Gray’s first feature film was titled “Little Odessa,” a reference to Brighton Beach, a community in Brooklyn known for its high population of Russian-speaking immigrants. A later film was aptly titled “The Immigrant.”

Now we come to the fictionalized story of his youth, “Armageddon Time.” It’s being described as a coming-of-age film – and it is that – but in many ways it’s more of an autobiography.

Or an indictment of one not standing up to racism.

That takes on greater resonance in these days of antisemitic rhetoric, hate crimes against Asians, and suppression of Blacks.

As Gray remembers the neighborhood of his youth, it was a “a hotbed of casual racism, a beneficiary of the baked-in racism of mainly white-run institutions, and the vanguard of the reactionary right’s – and the Trump family’s – political emergence.”

Here, Gray’s alter ego is a sixth grader named Paul Graff (played by Banks Repeta).

Paul explores Jews and Blacks as a united front against bias. This alliance is personified by Paul and his black friend Johnny (Jaylin Webb).
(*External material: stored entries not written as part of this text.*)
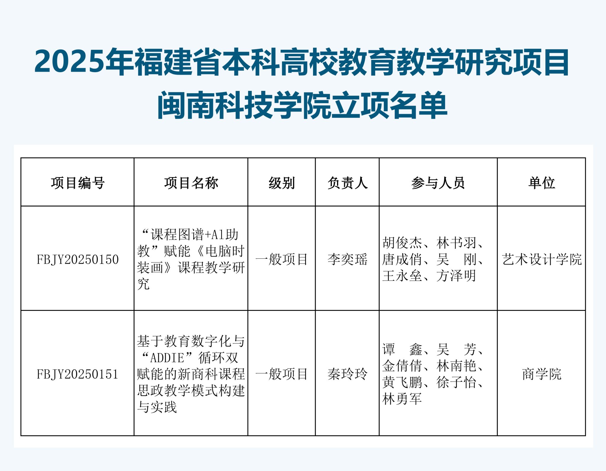 日前,福建省教育厅发布了《福建省教育厅关于公布2025年本科高校教育教学研究项目立项名单的通知》(闽教高〔2025〕24号),乐鱼网页版登录入口_乐鱼(中国)获批本科教育教学研究项目一般项目2项。
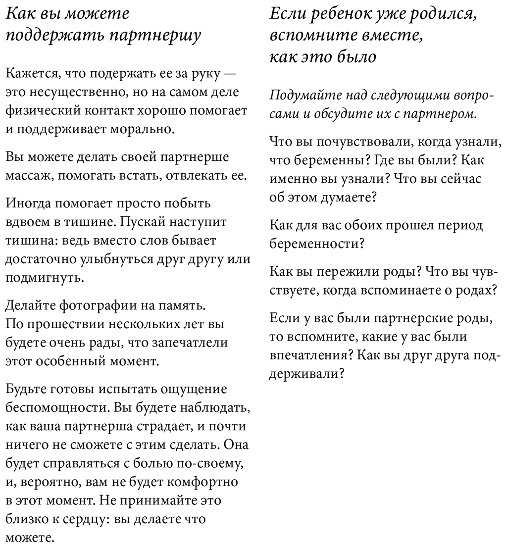 К счастью, времена изменились. Партнеров больше не выгоняют из родильного зала. Наоборот, они могут оказать своим женщинам необходимую поддержку. Если 100 лет назад в родильном зале нельзя было обнаружить ни одного супруга, то сейчас 91 % партнеров присутствуют на родах. И это замечательно! Исследования говорят нам, что если мужчина присутствует на родах, то у пары остаются более положительные впечатления о родах, к тому же такой опыт уменьшает риск конфликтов в отношениях.
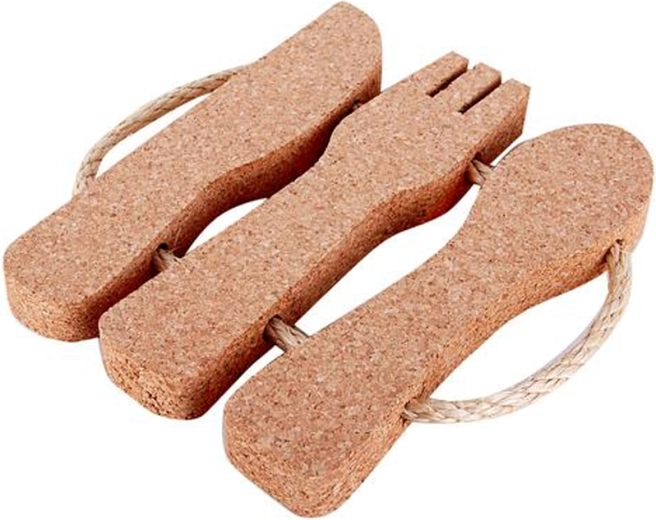 Pratico e stiloso sottopentola in sughero a forma di posate che protegge tavolo e piano di lavoro da calore e graffi. Grazie al sughero naturale è leggero, resistente e facile da mantenere. Ideale per l’uso quotidiano in cucina e per il servizio in tavola. Sughero naturale, protezione termica e design decorativo in uno.
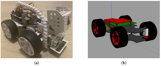 Figure 8a displays the PiCar-X, which is powered by two direct current (DC) geared motors, one for each rear wheel, and features two front wheels steered by a servo motor. As we did not find any CAD model of a PiCar-X, we used, for simulation purposes, a PiCar-V model in a Gazebo [] simulation, as shown in Figure 8b. Despite using the PiCar-V CAD model, its proportions, including wheelbase and track width, are identical.
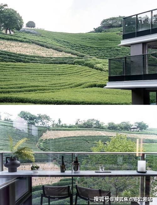 建筑风格:融合龙坞茶山自然元素,坡顶瓦片结合金属钩边,营造东方意境
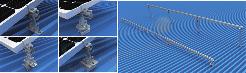 對(duì)于彩鋼瓦屋頂不朝陽的情況,晨科彩鋼瓦傾斜支架就是這樣一款設(shè)計(jì)用于不同朝向彩鋼瓦屋面的光伏支架系統(tǒng)。該款支架最大的優(yōu)勢(shì)在于能解決屋面朝向的不同,不破壞屋面自防水系統(tǒng),利用該系統(tǒng)的前后腳來達(dá)到最佳日照角度,根據(jù)客戶需求,實(shí)現(xiàn)太陽能板與屋面的持平或者高于屋面。這樣一來,雖然屋頂是不朝南的,但是在該支架系統(tǒng)的作用下,可以使電站矩陣朝南,獲取足夠的日照,從而實(shí)現(xiàn)發(fā)電量最大收益。
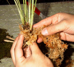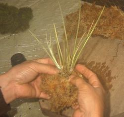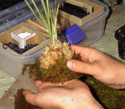 指の持つ場所は、水苔の下のほうを持って
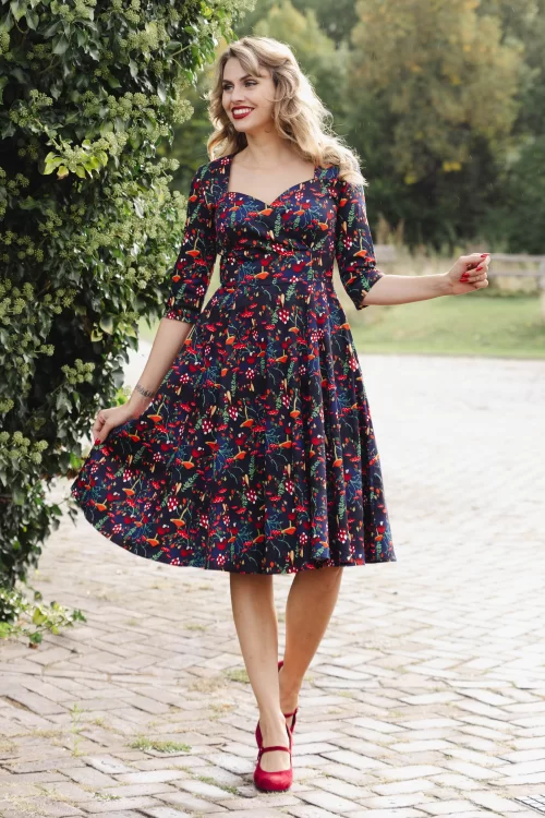 Iedere vintage vrouw heeft haar eigen stijl. Daarom vind je in het assortiment allerlei verschillende soorten swing jurken. Zo’n jurk met wijde rok is altijd een goed idee: hiermee voeg je een vleugje jeugdige charme toe aan je garderobe zonder concessies te doen aan je vrouwelijkheid. Een swing jurk is er voor elke leeftijd! Denk bijvoorbeeld aan een swing jurkje in charmante zeeman stijl met gedurfde details, of ga voor een vrouwelijke bloemenprint. Ga voor een subtiele look in een klassiek zwart swing jurkje of ga voor een flirty rood exemplaar. Bij blond haar matchen een blauwe swing jurk, groene swing jurk of roze swing jurk perfect. Wil je juist je onderscheiden van de menigte, kies dan voor een swing dress met spannende luipaardprint en maak je outfit af met rode lippen en hoge hakken. Oh la la!
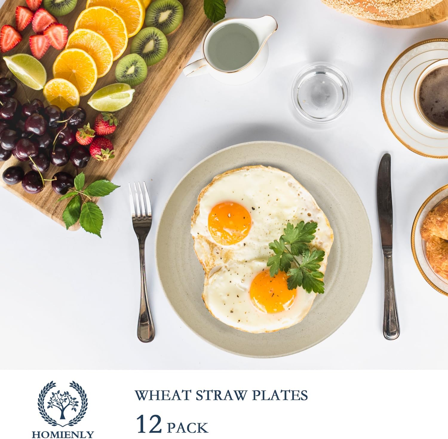 Homienly Wheat Straw Dinner Plates Set of 12 - Microwave & Dishwasher Safe Unbreakable Kids Plates (Beige, 9 inch)
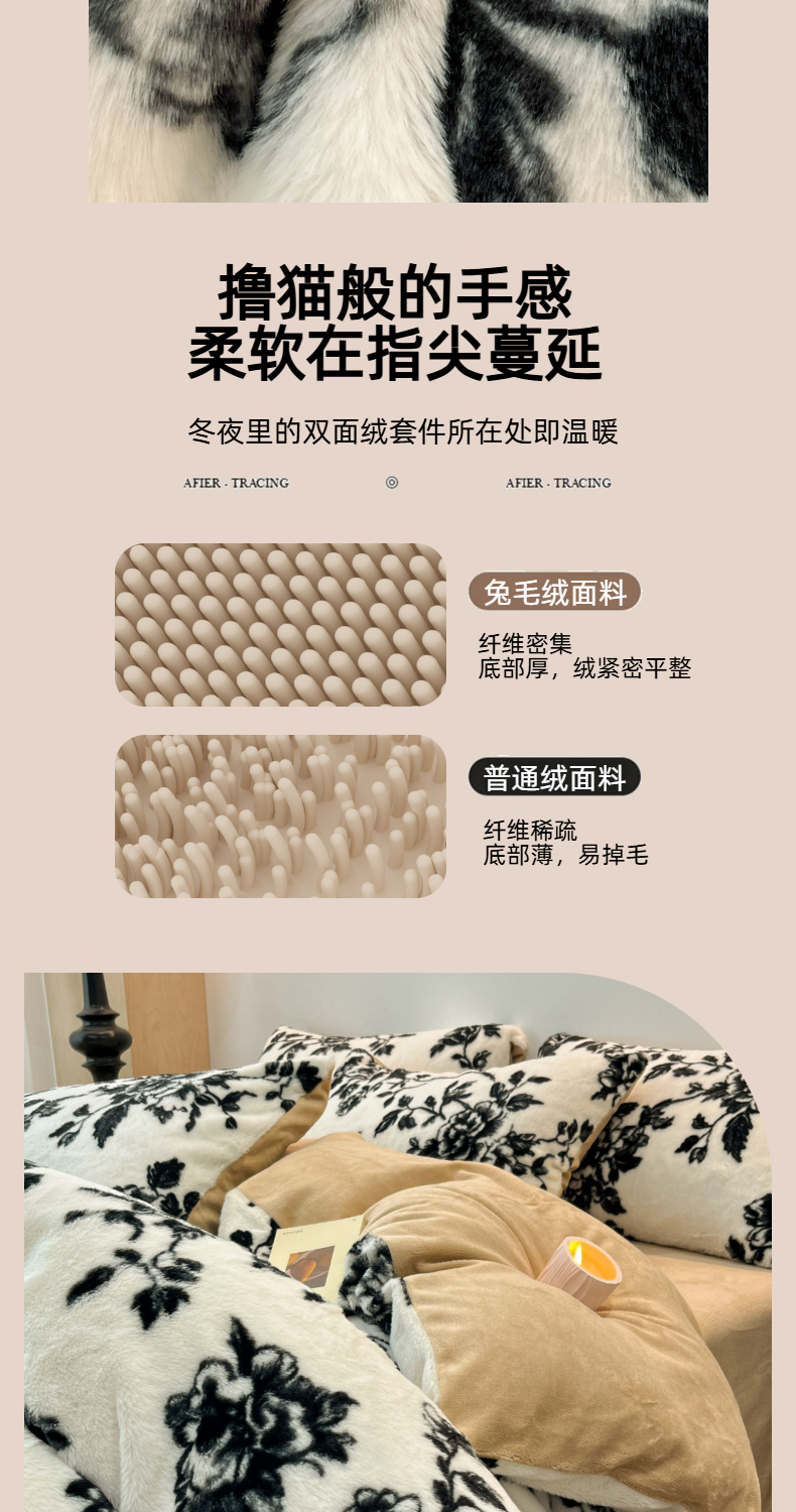 金爱家 2025新款全消光牛奶绒A类赫本风纯色獭兔毛绒立体牛奶绒四件套 兔毛-复古花白色
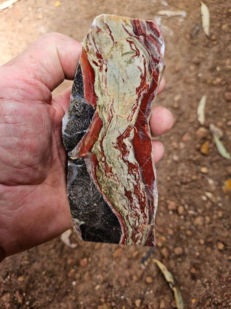 Convoluted jasper comes from Turee Creek Station in the Pilbara region of Western Australia. The location is about 160 km west of the iron ore mining town of Newman.
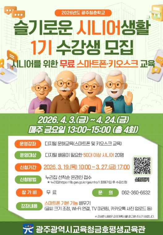 [한국제일신문, 윤진성기자] 광주시교육청금호평생교육관은 오는 4월 3일부터 7월 31일까지 50대 이상 시니어를 대상으로 디지털 역량 강화 프로그램인 ‘2026 슬기로운 시니어생활’을 운영한다.
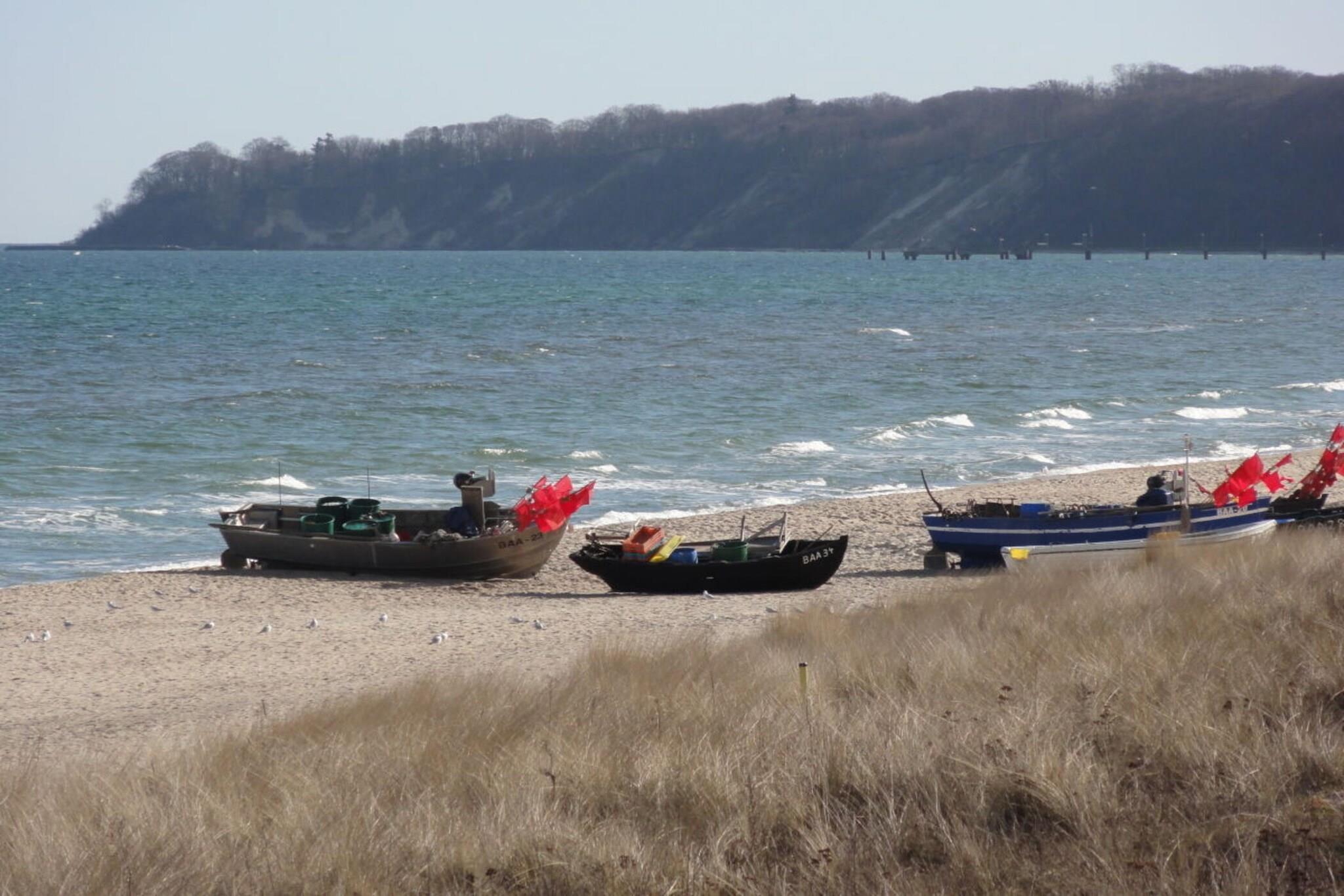 Helle 3-Zimmer-Ferienwohnung mit Südterrasse und kleinem Meerblick auf Rügen.

However, Paul’s actions get him sent to a private school, a stuffy institution where he encounters the Trump family.

The moral compass of the movie centers around Paul’s failure to speak up when racist remarks are made by students at his new private school.

Paul: “Sometimes kids at school say things about the Black kids.”
Grandpa: “What do you do when that happens?”
Paul: “Obviously, nothing.”

The wrong answer.

“You were raised better than that,” reproaches his grandfather. The point being, if someone will say things against Blacks, those “same people who make racist remarks would just as likely vilify Jews.”

Sound advice. But, Paul is conflicted by the casual racism he encounters within his own family. How does one deal with these moral vicissitudes of life as a young Jewish boy?

Speak up, is the answer.

But he doesn’t.

This is a burden of guilt that Paul – and perhaps James Gray – will carry into the future.

So you might say this film is something of an exorcism, trying to come to terms with harsh lessons from the past.

While the performances are sincere, Paul and Johnny are not deeply etched as characters. Nor are his parent (Jeremy Strong and Ann Hathaway) or even his ever-present grandfather (Anthony Hopkins). And the Trumps (John Diehl and Jessica Chastain) are merely wraiths hovering in the background.

The film takes its title from the song “Armageddon Time” by the Clash. Also, writer-director James Gray attributes this to Ronald Reagan. He recalls that the president was “always talking about Armageddon. He was always mentioning the world ending. It was cultural trauma. That weighed on kids in 1980.”